Harry Johnson (4 December 1910 – 1981) was an English footballer who scored 29 goals from 84 matches in the Football League playing for Oldham Athletic, Southend United and Exeter City. A centre forward or inside right, he also played non-league football for clubs including Great Harwood, Winsford United, Stalybridge Celtic and Scunthorpe & Lindsey United.

==Personal life==
Johnson was born in Radcliffe, which was then in Lancashire, in 1910. He married Lena Hardman in 1932; the 1939 Register records the couple living in Scunthorpe, Lincolnshire, where Johnson was working as an electrician's labourer. In 1965, he was the works suggestions officer at the Appleby-Frodingham Steel Company and was chairman of their cricket club. He died in Scunthorpe in 1981.

==Football career==
Johnson played football for Heywood St James', for Great Harwood of the Lancashire Combination, and for Cheshire County League clubs Winsford United and Stalybridge Celtic, before signing for Oldham Athletic of the Football League Second Division. He made his league debut in the 1931–32 season, and over the next two seasons took his totals to 13 goals from 37 league appearances. After Oldham were relegated in 1934, Johnson was one of eleven players given free transfers.

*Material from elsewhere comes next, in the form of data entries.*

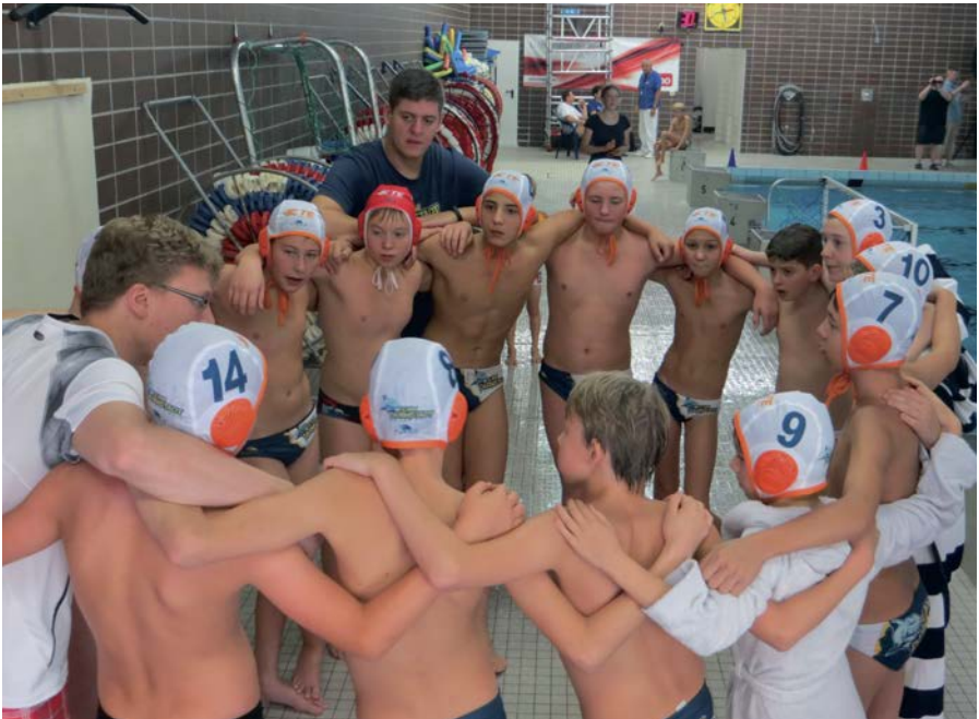
Das Jungs-Team des WVD
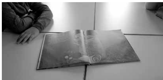
Slika 2: Obnova zgodbe s pomočjo ilustracij iz knjige

ljivo obnovili (Slika 2). Ob tem smo ponovili ali razložili posamezne pojme, kot so: zgodovinski viri in vrste virov, kje hranimo vire in kaj je arhiv, kronika, kaj je listina ipd.
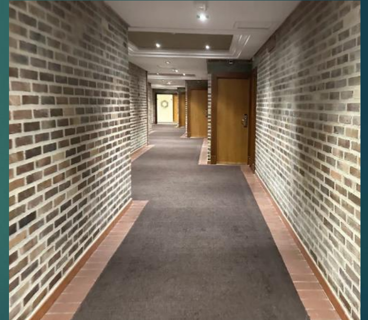
セゴビアのパラドール
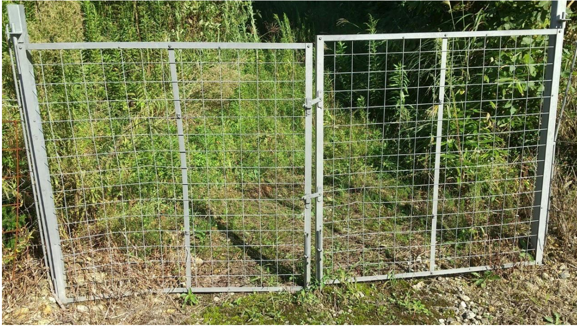
閉鎖されている扉
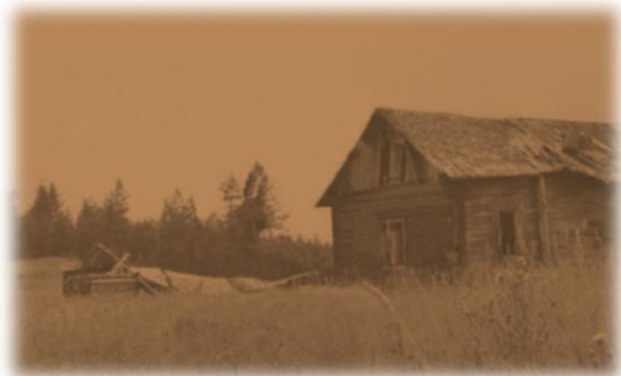
Ilajan Ruukinpohjan kruununtorppa
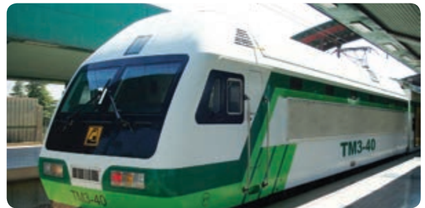
شکل ۸-۱۴- نمونه‌هایی از فعالیت‌های ساخت و ساز در مترو
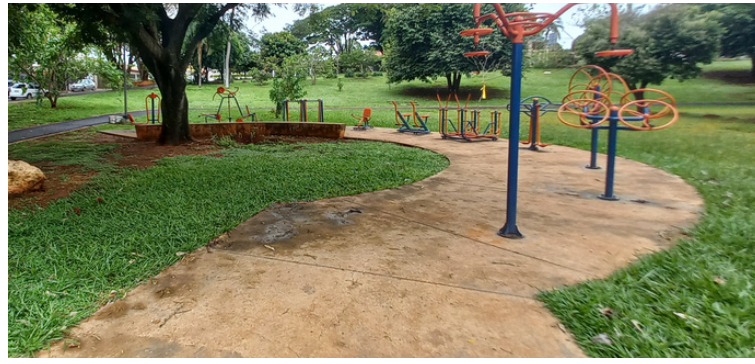
Foto 4 - Academia ao ar livre utilizada pelos frequentadores.
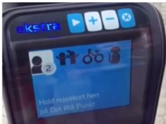
Herefter ændres antal til 2 voksne
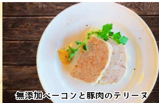
無添加ベーコンと豚肉のテリーヌ
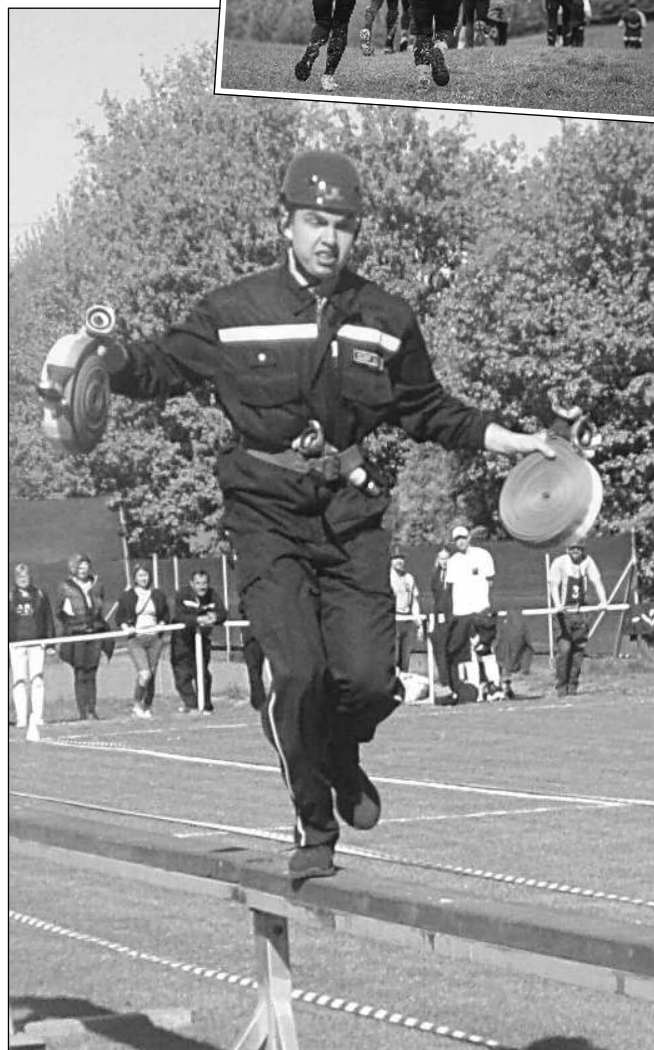
NA KLADINĚ. Okrsková soutěž v požárním sportu se konala poslední dubnovou sobotu na Ostrově v Zadní Třebani. (Viz str. 5)
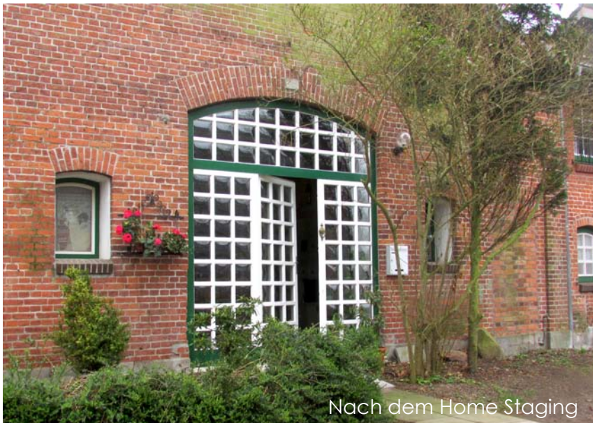
Nach dem Home Staging

Durch das Zurückschneiden des Fassadenbewuchses werden besondere Details der Immobilie sichtbar.
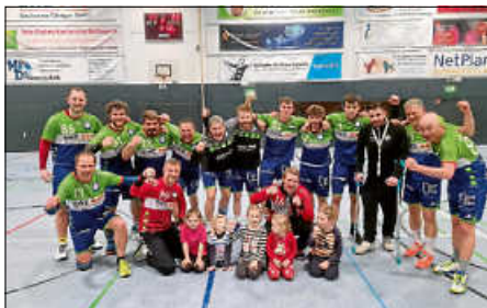
Unsere Herren 3 feiern den MEISTERTITEL!

Nebst des Herren-1-Verbandsligaspiels in Ispringen fanden in der heimischen Franz-Kühn-Halle die letzten Saisonspiele unserer Jugendteams statt. Diese konnten fast alle gewonnen werden und führten somit zu einem versöhnlichen Abschluss der Saison. Lediglich unsere männliche D-Jugend verlor mit 19:22 gegen das Team der SG Stutensee/Weingarten und verspielte damit auf der Zielgeraden die Meisterschaft in der Bezirksklasse. Aber ein zweiter Platz ist auch nicht schlecht und belohnt die sehr gute Saisonleistung des Teams.
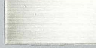
真鍮ホワイトブロンズ/BS-8
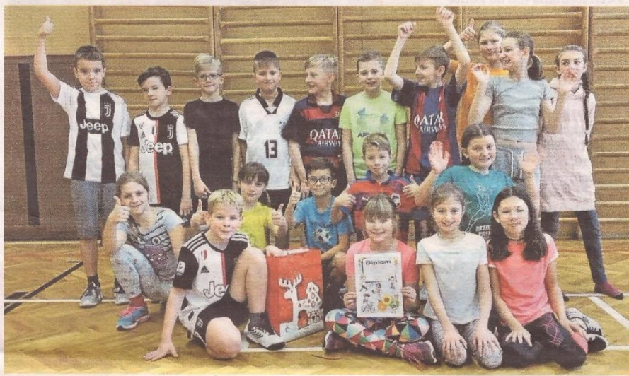
NĚKTEŘÍ z účastníků vydařeného turnaj ZŠ TGM ve vybíjené.

Dodejme, že školáci z 'Masaryčky' se zapojili i do jiných projektů. Pomohli shromáždováním hraček kamarádům v dětském domově a přímo v areálu ZŠ sbírali vyloučené elektrospotřebiče nebo starý papír. (da, lr)
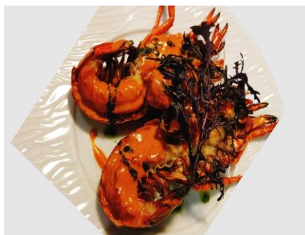
オマール海老の丸ごとロースト
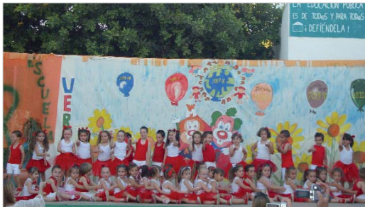
Los alumnos más pequeños del colegio Los Azahares en La Rinconada deleitaron a los presentes con un divertido baile. Para las familias, el AMPA instaló un ambigü.
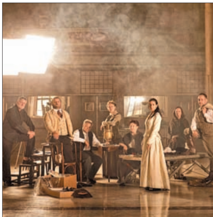
'Tío Vania' de Chéjov estará en Los Teatros del Canal
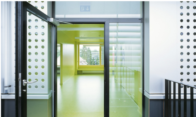
Grosszügiger Eingangsbereich im provisorischen Schulhaus
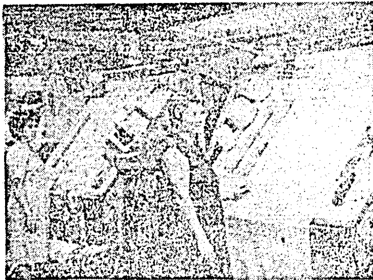
În secția finisaj a întreprinderii textile se efectuează un riguros control al calității țesăturilor.

Întreprinderea de vagoane. Se lucrează la înfișajul unui nou lot de vagoane destinate unor beneficiari de peste hotare.
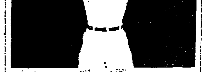
لطف من البهرة (رويترز)
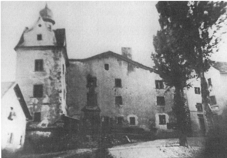
Das alte Rathaus in Ilanz, die Casa Grischa. In diesem Haus fanden die Sitzungen des Bundstages gemeiner Drei Bünde statt. Abgerissen 1881 aus: Leo Schmid / Alfons Maissen: Ilanz-Glion, 1977

Diesen Bund nannte man damals den «Bund des Oberen Teils» oder «Oberer Bund». Diese Bezeichnung behielt der Bund auch nach 1424. Der Name «Grauer Bund» bürgerte sich erst im Verlaufe des 15. Jahrhunderts ein. 42
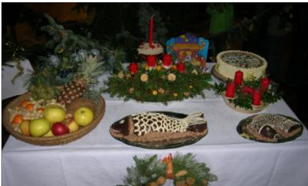
Při konzumaci tohoto kapra Vám určitě kost nezaskočí.

Dne 9. 12. 2006 se konala již tradiční předvánoční výstava na Skalce. Akce se setkala s hojným ohlasem místních občanů i přespolních, což ostatně ukazují následující snímky:

He joined Southend United, and in his first season was the club's top scorer with 22 goals in all competitions. In 1936, he moved on to another third-tier club, Exeter City, for whom he played 11 league matches.

Scunthorpe & Lindsey United of the Midland League signed Johnson in 1937. According to the Lincolnshire Echo, "he can play in any inside forward position, but is at his best at centre-forward". He scored profusely, finishing the season second in the Midland League's scorers table with 38 goals. Despite interest from Football League clubs, he re-signed for Scunthorpe for another season. By February 1939, he had overtaken Ernie Simms' club record of 57 goals scored in all competitions during a single season, and seemed sure to break his club record of 52 Midland League goals as well, as Scunthorpe headed for their second league title. Unfortunately for him, he sustained a knee injury in mid-March that kept him out for several matches, and had to settle for 49.

He remained with Scunthorpe into wartime football, but his leg again gave way, and in October 1939 he had an operation to remove the knee cartilage. Once fit again, he also played as a guest for Doncaster Rovers. After the war, Johnson coached Scunthorpe's junior teams.